Post War

M. Ward

4AD – 2006
par Jeff, le 16 novembre 2006
9

Un an seulement après nous avoir ensorcelés avec son magnifique Transistor Radio, M. Ward revient à la charge. Quoique, dans le cas du songwriter américain, une telle expression semble totalement inappropriée. Car une fois encore, c'est dans une relative discrétion que l'artiste se rappelle à notre excellent souvenir avec un album s'inscrivant dans la droite lignée de son prédécesseur, et ce même si pour la première fois de sa carrière l'artiste a délaissé le confort de son 'home sweet home' pour enregistrer en studio avec l'entièreté de son groupe ce nouvel album qui sort sur 4AD - et non plus sur Matador.

Mais malgré une méthode de travail inédite, le constat reste heureusement le même, toujours aussi flagrant: M. Ward est bien l'un des songwriters les plus doués et les plus injustement ignorés de sa génération. D'ailleurs il n'y a qu'à regarder ses invités pour avoir une nouvelle preuve du succès d'estime dont il bénéficie: Neko Case, Jim James (My Morning Jacket), le producteur Mike Mogis ou Rachel Blumberg (The Decemberists) ont tous tenu à participer à ce Post-War magnifique entièrement produit par son géniteur.

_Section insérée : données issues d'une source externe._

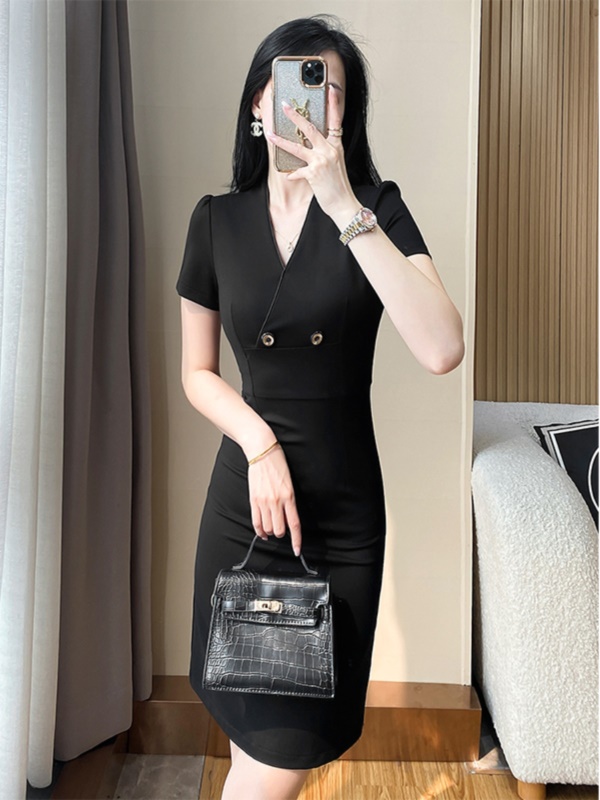 商品名称:裙子女夏天黑色法式显瘦OL包臀裙高端职业气质连衣裙2025新款夏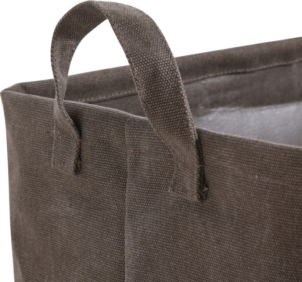 The Danya B Army Canvas Laundry Basket is the perfect size to have in the corner of your bedroom or bathroom. Giving your home a rustic edge, the brown army color canvas is stenciled and easily fits into any color scheme. The convenient handles make for easy transporting for loads of any size. The plasticized interior provides extra protection and durability and is perfect for heavy-duty or wet laundry, such as gym clothes or bathing suits and towels. Folding completely flat for easy storage, the Army Canvas Laundry Basket is a convenient must have for your bathroom or bedroom.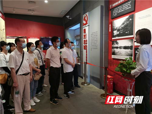 大家参观了陈树湘烈士生平事迹陈列馆,详细了解陈树湘烈士的生平事迹。陈树湘追求进步、投身革命,“誓为苏维埃新中国流尽最后一滴血”的革命故事令人动容,大家被陈树湘烈士的英勇壮举、坚贞党性所震撼。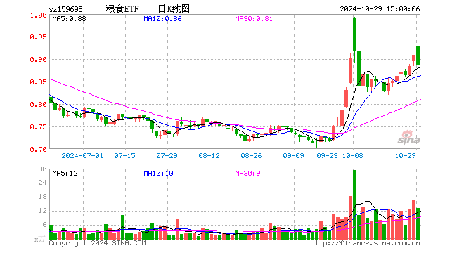 10月29日,粮食ETF(159698)收盘跌2.53%,成交额1184.70万元。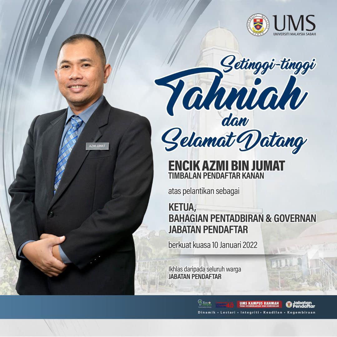 Setinggi-tinggi tahniah dan selamat datang diucapkan kepada Encik Azmi Jumat, Timbalan Pendaftar Kanan atas pelantikan sebagai Ketua Bahagian Pentadbiran & Governan berkuat kuasa pada 10 Januari 2022.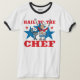 This funny barbecue design is perfect for the master barbecue chef at your house. Featuring a stick man chef wearing a BBQ apron, hot dogs on the grill and red and blue stars in the background. Text says HAIL TO THE CHEF. Great gift for Father's Day or birthday. On T-shirts, mugs, caps and more! PinkInkArt original!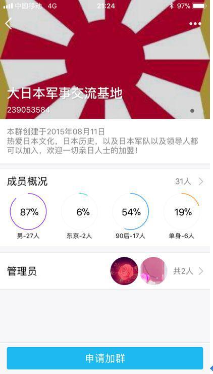 在QQ群查找功能里,输入"武运长久""东亚共荣"等关键词,能搜出数十个相关结果。除去一些"人烟稀少"的"荒群",有些群介绍之翔实令人吃惊。一个名为"大日本军事交流基地"的群赤裸裸地注明:"热爱日本文化,日本历史,以及日本军队以及领导人都可以加入,欢迎一切亲日人士的加盟!"(原文如此)然而,当环环尝试提交入群申请,却被提示"该群群主拒绝添加任何新成员"。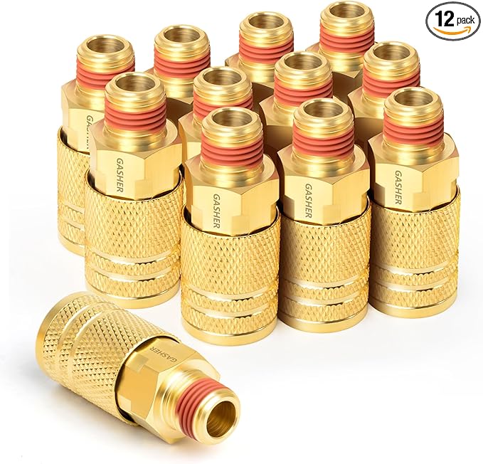 GASHER 12PCS 1/4-Inch Brass Male Industrial Coupler,1/4 Inch NPT Male Threads Size, Quick Connect Air Coupler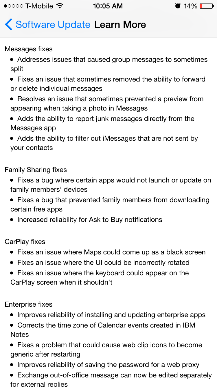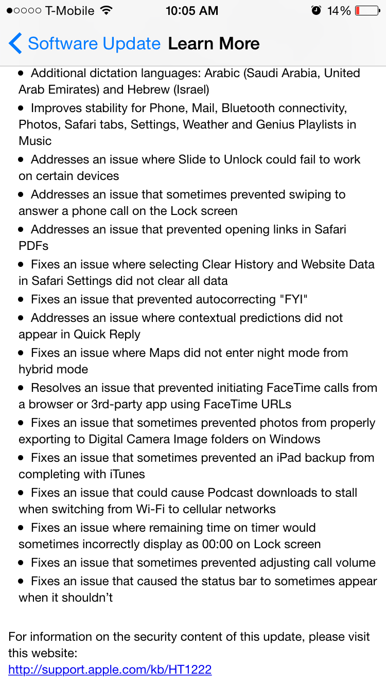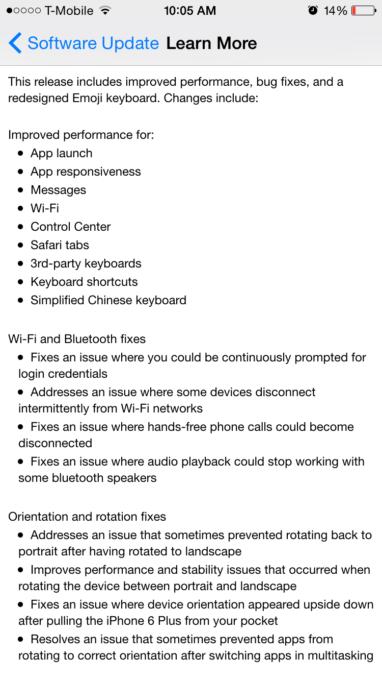 Some are device specific fixes, too — a problem Apple hasn't really had to deal with before the iPhone 6/6 Plus hit the scene. Apple fixed an issue where the screen orientation was upside-down when you pulled the iPhone 6 Plus from your pocket.
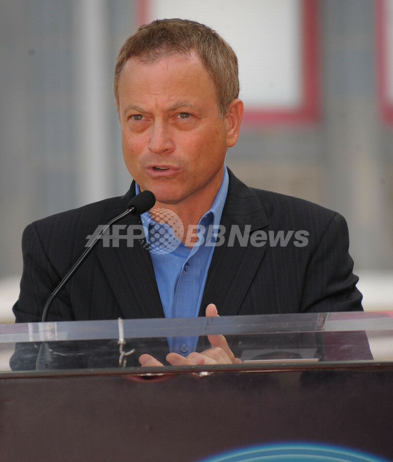 俳優チャールズ・ダーニング(Charles Durning)のハリウッドの殿堂「ウォーク・オブ・フェーム(Hollywood Walk of Fame)」入り記念セレモニーに出席し、スピーチをする俳優のゲイリー・シニーズ(Gary Sinise、2008年7月31日撮影)。(c)AFP/Getty Images/Charley Gallay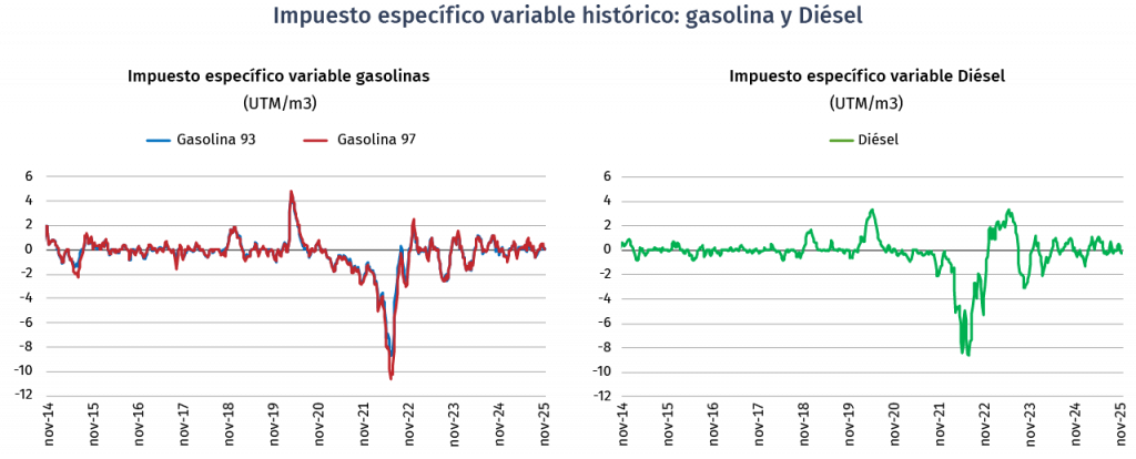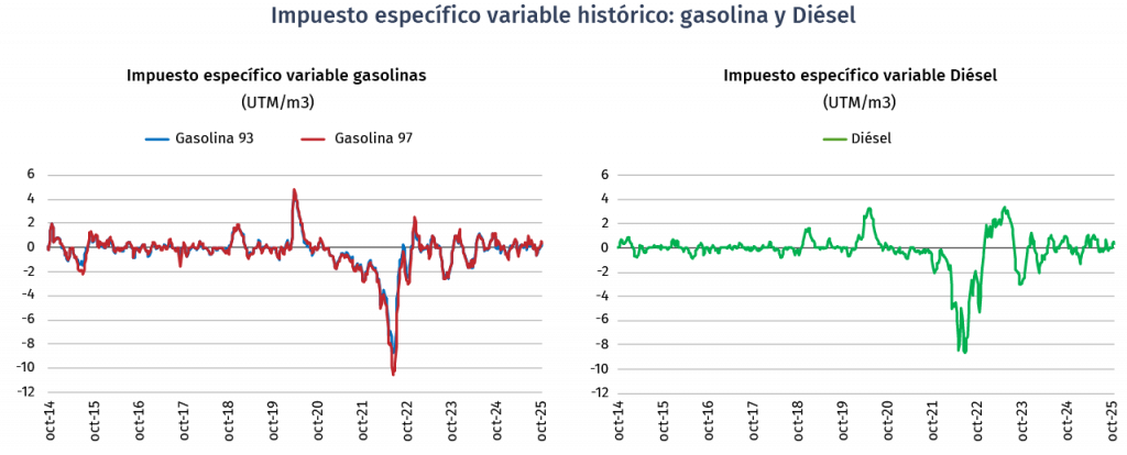 El componente variable sumado al componente base definido en la ley N° 18.502, permite obtener los valores del impuesto específico final de cada combustible incluido en MEPCO. A partir del 11 de diciembre de 2022 comienzan a regir las modificaciones introducidas por la ley N° 20.794 y el Decreto Supremo N° 1.790 que modifica su reglamento. Estas modificaciones permiten definir un impuesto específico variable diferenciado para las gasolinas según su octanaje. Además, desde el 24 de enero de 2023 comienzan a regir las modificaciones introducidas por la Ley N° 21.537 que modifica el MEPCO para evitar fluctuaciones semanales.

Fingerpicking parfaitement maîtrisé, voix envoûtante et légèrement fatiguée ou capacité sidérante à accoucher de mélodies plus prenantes que surprenantes sont autant de qualités qui m'obligent à adouber cet artiste âgé d'une trentaine d'années à peine. Une fois encore, on s'incline devant les 12 titres de Post-War qui, de par leur plaisante diversité, en font à coup sûr l'un des tous bons albums de cette année 2006.

Certes, la formule M. Ward commence à être connue (une écriture folk faussement passéiste lui permettant de se réapproprier des joyaux d'antan), mais comment ne pas succomber à chaque fois devant une telle maîtrise. Qu'il s'agisse de titres tout simplement déchirants ("Poison Cup", la ballade d'ouverture est un modèle du genre), de ballades attachantes ("Chinese Translation"), d'une reprise classieuse (après une version "fingerpickée" des Beach Boys, c'est au tour du "To Go Home" de Daniel Johnston de subir les joies de la réécriture), d'un gospel bâtard ("Magic Trick"), de surf-rock débraillé ("Neptune's Net") ou de titres plus enlevés ("Right in the Head"), M. Ward touche à tous les coups notre corde sensible avec une précision chirurgicale.

Avec Post-War, Matt Ward continue avec cette retenue qui lui sied si bien et dans un mode "sépia" son inéluctable ascension vers les sommets de la musique alternative américaine en s'imposant au passage comme l'un des plus prisés vendeurs d'émotions qu'il vous sera donné de côtoyer cette année.